Sometimes you need to re hash things.


----------



## Dirty Dog (Dec 8, 2014)

drop bear said:


> Sometimes you need to re hash things.


 
Within reason, there is truth to this statement. However, after the 14,298,476th time, there's probably no point.


----------



## Transk53 (Dec 8, 2014)

Hindsight - "your past is a construct of the mind". The only good it does, is give a moment of clarity good or bad. You cannot exist there.


----------



## Chris Parker (Dec 8, 2014)

PhotonGuy said:


> Im the king of hindsight, I can be stuck in the past.



That's not what hindsight refers to… in fact, kinda the opposite. Hindsight is more about the ability to look back at previous situations/events, without the emotional connection or confusion of the moment, to clearly see what might have been done to better or prevent something. It's not about being stuck in the past, it's about learning from it… so… no. 

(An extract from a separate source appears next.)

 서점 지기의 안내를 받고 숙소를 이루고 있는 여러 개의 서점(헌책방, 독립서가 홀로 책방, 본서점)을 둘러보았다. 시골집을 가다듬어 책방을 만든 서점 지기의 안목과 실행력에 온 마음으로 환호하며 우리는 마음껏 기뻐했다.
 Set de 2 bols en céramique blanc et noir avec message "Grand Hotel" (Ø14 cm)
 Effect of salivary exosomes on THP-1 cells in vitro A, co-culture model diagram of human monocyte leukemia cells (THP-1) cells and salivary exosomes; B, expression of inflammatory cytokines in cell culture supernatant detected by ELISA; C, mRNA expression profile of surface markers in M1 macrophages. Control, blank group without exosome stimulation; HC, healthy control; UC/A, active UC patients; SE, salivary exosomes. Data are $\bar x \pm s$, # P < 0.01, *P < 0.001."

Getting stuck in the past, especially the way you seem to, is a very different situation… and, honestly, a hallmark of any number of things, all of which would see you benefited from talking to a professional.


----------



## Transk53 (Dec 8, 2014)

Chris Parker said:


> That's not what hindsight refers to… in fact, kinda the opposite. Hindsight is more about the ability to look back at previous situations/events, without the emotional connection or confusion of the moment, to clearly see what might have been done to better or prevent something. It's not about being stuck in the past, it's about learning from it… so… no.
> 
> Getting stuck in the past, especially the way you seem to, is a very different situation… and, honestly, a hallmark of any number of things, all of which would see you benefited from talking to a professional.

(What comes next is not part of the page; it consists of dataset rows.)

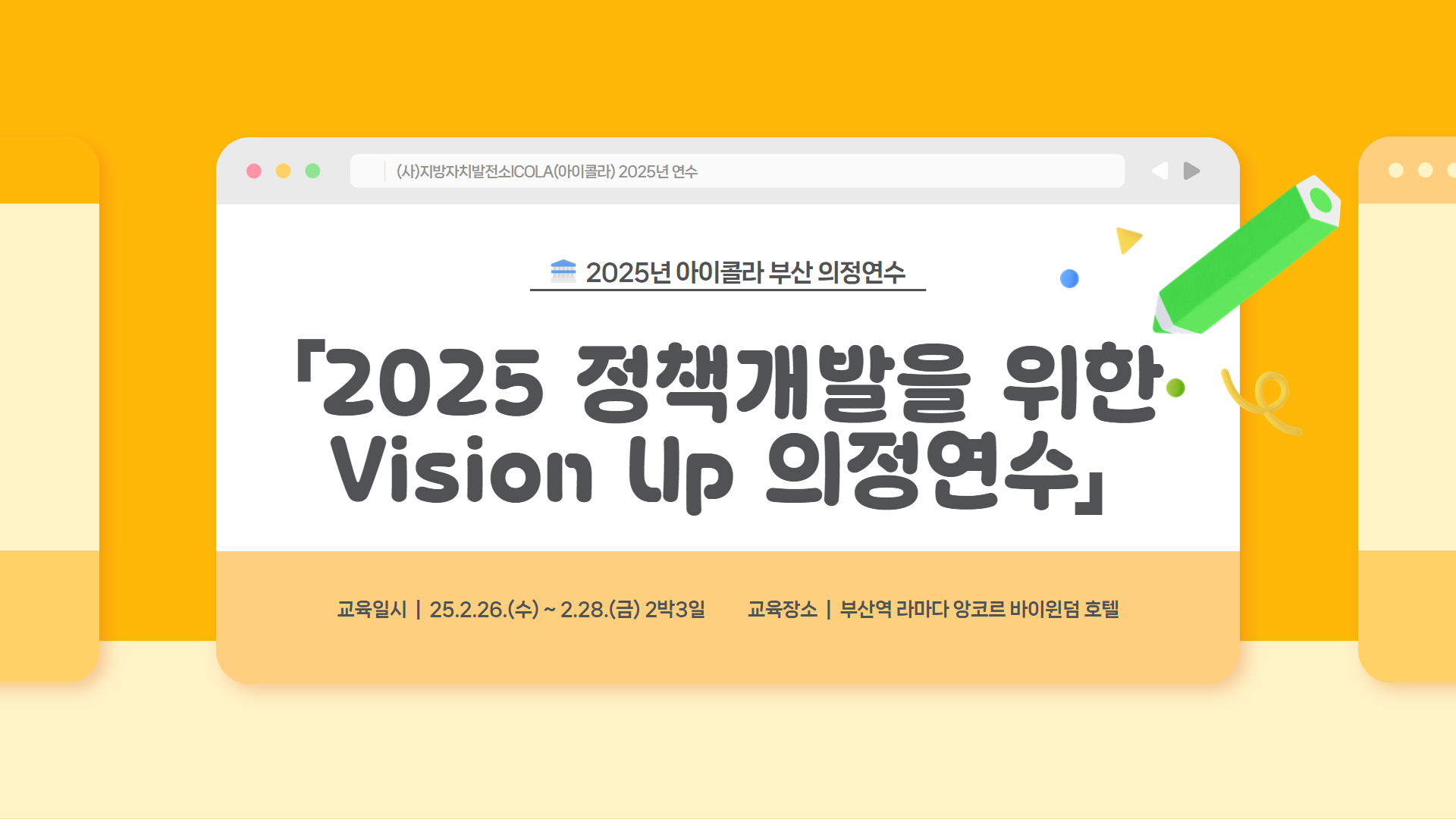 (사)지방자치발전소(ICOLA), 「2025 정책개발을 위한 Vision Up 의정연수」 부산에서 진행합니다!✔️ 일시 | 2025.2.26.(수) 14:00 ~ 2.28.(금) 13:00 2박3일         ✔️ 장소 | 부산역 라마다 앙코르 바이윈덤 호텔✔️ 대상 | 광역 및 기초 지방의회 의원 및 의회 직원✨ 접수마감| 2025.2.14.(금) 18:00까지✨ 접수방법|교육참가신청서 작성 후 이메일 제출( icola2019@gmail.com )✔️ 교육비| 금 80만원 (1인1실) / 금 75만원 (2인1실) [의회명 또는 의원명 입금]✔️ 입금계좌| [우리은행] 1005-803-713320 (사단법인 지방자치발전소)                         2. 15. 교육확정 공문 받으신 ..
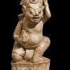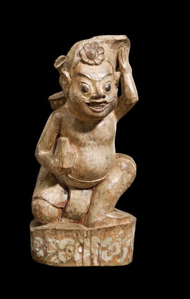 Panggal buaya (satinwood) carved in the form of a commoner wearing a kris at the back, with traces of original white, black and red highlights
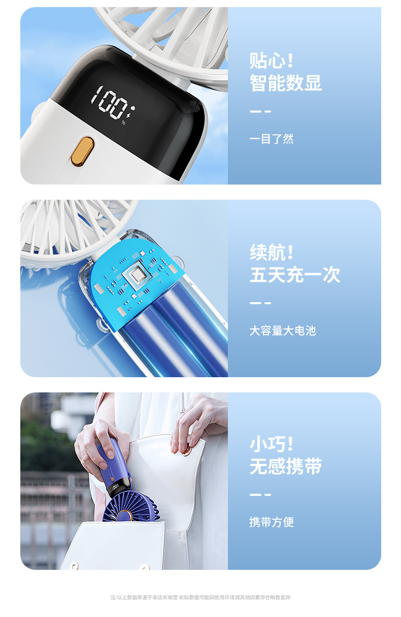 휴대용 미니 충전식 사무실 책상 목 야외 필수 휴대용 디지털 디스플레이 작은 팬
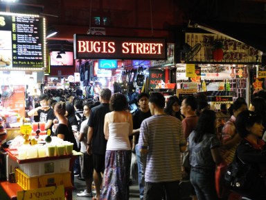 After dinner, we made our way to the actual Bugis Street, which is a street that’s also half 3-story indoor mall. It was clearly a popular place for young people to hang out and shop. A few large plasma TV screens were displayed throughout the building, and they looped a recording of K-pop groups Secret and BAP from when they visited Singapore (presumably). Everything was pretty cheap (and cheap quality), and I ended up buying a skinny belt for S$10, which the salesperson kindly punched a few extra holes in so I could wear it around my waist or my hips.
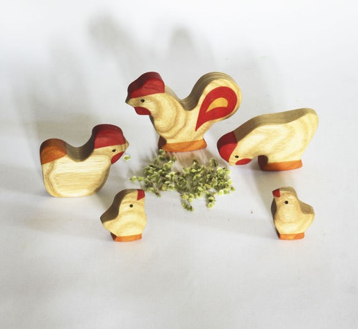 Размер: петух 6,5 на 5 см, куры 4 на 5 см, цыплята 3 на 3 см
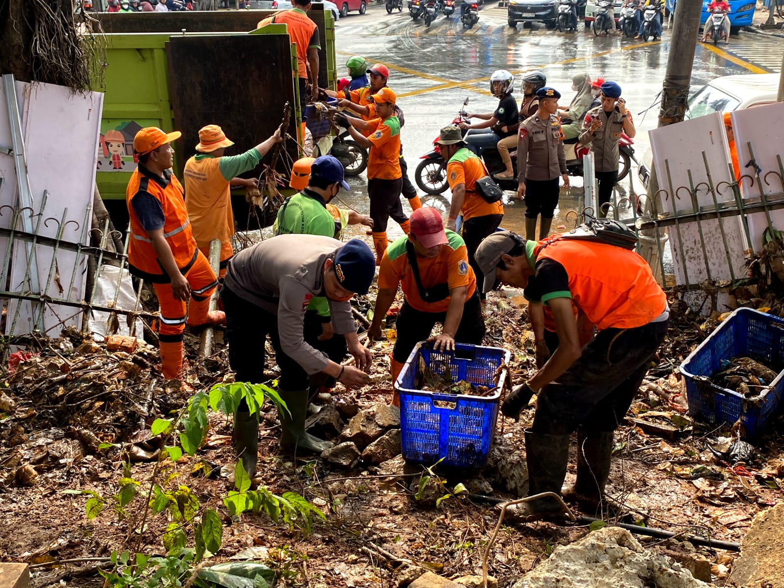 Upaya Polisi Dan 3 Pilar Dengan Adanya Tanggul Jebol di TL Pertigaan HeK Kramatjati

Of which how many times has this been said. As humans we all cling to things, but PG seems quite obsessed with something. Very strange even to me.


----------



## PhotonGuy (Dec 8, 2014)

jks9199 said:


> You know -- that's one thing, I would certainly agree with.  Lots of your posts do suggest that you've got a rather strong attachment to things that happened long ago -- and trouble moving on from them.  Nice realization -- but you might consider finding someone with appropriate credentials to help you with changing it.

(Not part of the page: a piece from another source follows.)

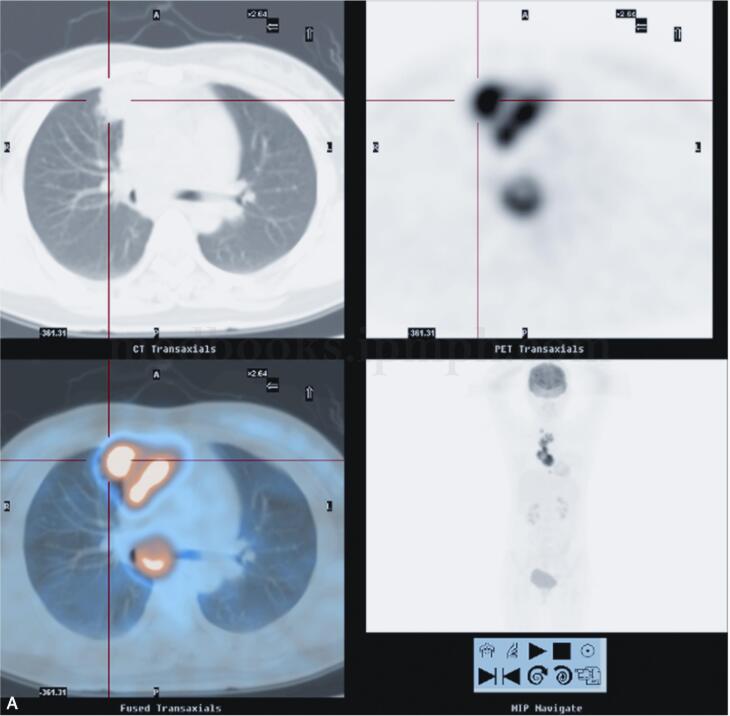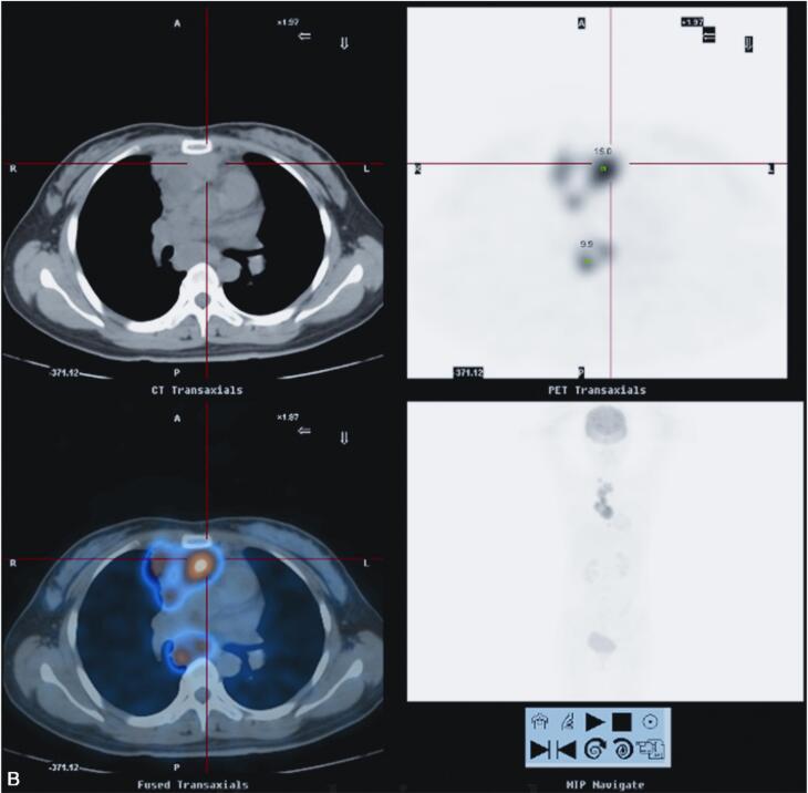 2010年5月10日于我院18F-FDG PET/CT检查:纵隔内及右肺上叶前段病变,代谢异常升高,考虑慢性感染性疾病可能性大(结核肉芽肿?),请结合临床,进一步完善结核相关检查,必要时纵隔镜活检以除外恶性病变(图2)。

I am getting help. How? By discussing it here.


----------



## Tez3 (Dec 8, 2014)

PhotonGuy said:


> I am getting help. How? By discussing it here.


Oh dear.


----------



## PhotonGuy (Dec 8, 2014)

drop bear said:


> Sometimes you need to re hash things.


I do, and the reason I keep doing that is because Im trying to make a point, and Im just not making the point even though I keep trying using different examples, and it can go on for gazillion times. I don't like it anymore than anyone else here, its really frustrating not being able to make a point no matter how many times I try.


----------



## Transk53 (Dec 8, 2014)

PhotonGuy said:


> I do, and the reason I keep doing that is because Im trying to make a point, and Im just not making the point even though I keep trying using different examples, and it can go on for gazillion times. I don't like it anymore than anyone else here, its really frustrating not being able to make a point no matter how many times I try.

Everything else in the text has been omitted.